そんな誰も議論しなくなった「ら抜き言葉」はさておき、私はかつての若者言葉で流行語になった言葉の衰退が気になります。
例えば、「超」は、今使われているでしょうか?生まれは東海道新幹線が開通した1964年でしょうか?私には1977年のさらば宇宙戦艦ヤマトで最後に出てきた敵大型戦艦が、「超弩級大型戦艦」と呼ばれたことで知りました。ピークは、1996年頃に木村拓哉氏はドラマで「チョベリバ」と言った頃だと思います。
若者言葉として現在あるのは、「めちゃ、めっちゃ」だと思います。しかし、その「めちゃ、めっちゃ」も、若干「手垢がつき」、古くなってきているように感じます。
また、「やばい」はどうでしょうか?「自分にとって良くない状況に変化していくことをさしてつかう言葉」です。私は、私が住む地域の別の意味の方言によく似ており、主義として使いません。
この言葉は、江戸時代から太平洋戦争を経て、1980年代までは、やくざ者や不良学生などに使われてきたようです。それが1980年代半ばころから、「一見真面目そうな女の子でも、自分が親しみやすいキャラクターであることを演出するために、わざと悪ぶって使う言葉」に昇格しました。
そこから一般化が進みましたが、1990年代後半、若者向けファッション雑誌に「ヤバいアイテム」という表現が現れました。

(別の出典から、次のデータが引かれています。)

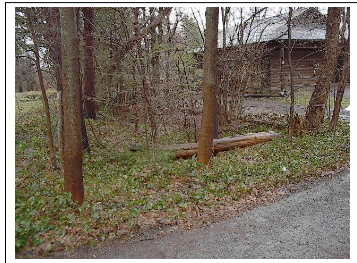
Non-functioning emergency spillway for Carpenter's Pond.

Carpenter's Pond – Reconstruct the earthen emergency spillway that has been filled in over time because local residents did not recognize the importance of this structure. This project would require permission from a private landowner and would cross a driveway and the gravel access road to Canal Authority property. Cost for this project is estimated at $10,000 but further study is needed to arrive at a more accurate estimate.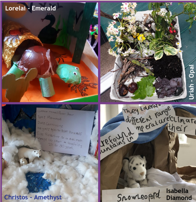
Lorelai - Emerald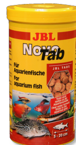
JBL NovoTab Main food tablets for all aquarium fish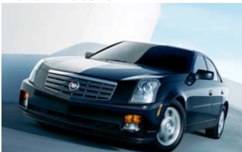
Cadillac CTS Sedan Expected 2010

GM may use their European CTS diesel in the US. Read more in Diesel Power Magazine .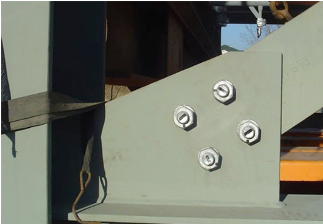
Figure 3: These four nuts appear to have been turned although the exact angle is not obvious since the lines extend completely through the bolts' diameters. Nevertheless, without inspection of their initial position, turn or whether the joint was properly snug-tightened, induced pretension cannot be verified.

While the CISC does not specifically require Pre-installation Verification testing of all fasteners when using Turn-of-Nut per se, testing is recommended to assure hardware compliance with the appropriate ASTM Specification. Thread failure (stripping) will not be discernible otherwise.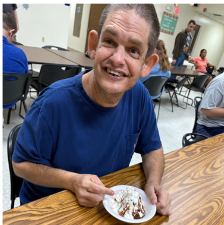
Ice Cream Social & Dance Party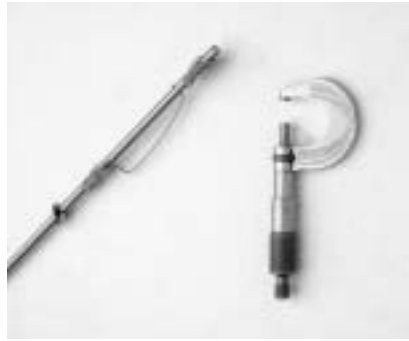
Figure 16. Changeable spring clip pops off like a safety pin. Useable in tube ID's and sufficiently large holes in sheet metal parts.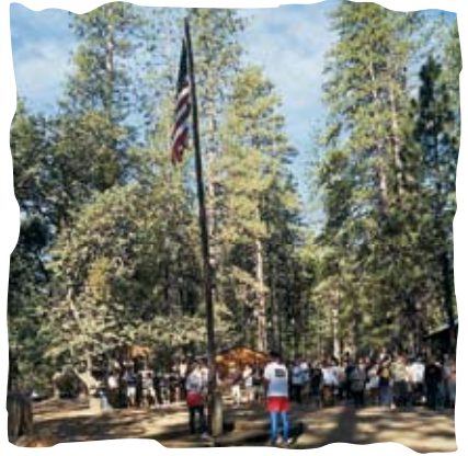
Morning reveille at Skylake

If the word "Skylake" was in a dictionary its definition would be "a place to make friends and create memories." The traditions include nightly campfire, Cabin Group Activities, Big Sisters, Skylake Reflection Hour, picnic barge, Length of the Lake Swim, Dome in a Day, milkshakes from Millers, "Fat Pills", camp songs, camp skits, the "crying line", and the endless special times created by the counselors. Even reveille and the morning flag salute take on special significance at Skylake.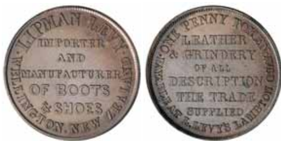
1209* Levy, Lipman, Wellington penny , undated (A.321) upset die axis. Toned, nearly uncirculated and scarce thus.

「ストリート感覚満点でかっこう良く、それでいて秘密にした衣服やアクセサリー」という意味です。そこから本来の意味を失い、「かっこう良い」になり「おいしい」の意味にも使われるようになっていきました。しかしこちらも「超」と同様に、急速に衰えてはいないでしょうか?
私はこの二つの言葉が勢いを失っている背景に、「かつての不良性要素(ヤンキー、ギャル)を忌み嫌う傾向が強まってきた」ことを感じています。2000年頃は、景気悪化が普通になり、就業、就職意識を失った若者が街にあふれた時期でした。その頃の「ヤンキー、ギャル」がその後どうなっていったかというと、「若年結婚、出産、貧困、暴力、離婚、殺人」でした。すなわち、かっこう良いとされてきた「ヤンキー、ギャル」は、「あ、そのうち殺人するかされる人だ!」と見られてしまうのです。

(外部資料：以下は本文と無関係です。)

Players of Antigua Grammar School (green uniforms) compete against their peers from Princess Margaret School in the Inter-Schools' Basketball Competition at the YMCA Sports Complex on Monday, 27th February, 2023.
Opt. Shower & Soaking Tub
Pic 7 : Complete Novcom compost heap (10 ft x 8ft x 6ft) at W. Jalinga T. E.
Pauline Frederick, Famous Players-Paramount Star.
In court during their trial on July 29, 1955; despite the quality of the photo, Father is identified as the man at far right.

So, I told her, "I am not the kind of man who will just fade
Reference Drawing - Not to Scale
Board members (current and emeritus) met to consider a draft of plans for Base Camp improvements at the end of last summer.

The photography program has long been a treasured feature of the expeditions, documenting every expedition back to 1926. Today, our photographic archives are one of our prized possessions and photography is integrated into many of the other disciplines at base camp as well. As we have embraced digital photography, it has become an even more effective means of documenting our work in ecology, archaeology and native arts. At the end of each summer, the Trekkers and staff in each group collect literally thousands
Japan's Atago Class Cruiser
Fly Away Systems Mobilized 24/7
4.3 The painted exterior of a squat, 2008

私がかつて富士山五合目に「半袖、半ズボン、サンダル」で行ったところ、周囲の人が「あ、凍死して新聞に載る人だ。今のうちにじっくり見ておこう!」とニヤニヤしながら嘲笑の目にさらされたのと、同じ状況です。
すなわち、ヤンキーやギャルなど、不真面目ぶることが格好悪いとされる時代が、より本格的になった、ということがここにも表れていたのです。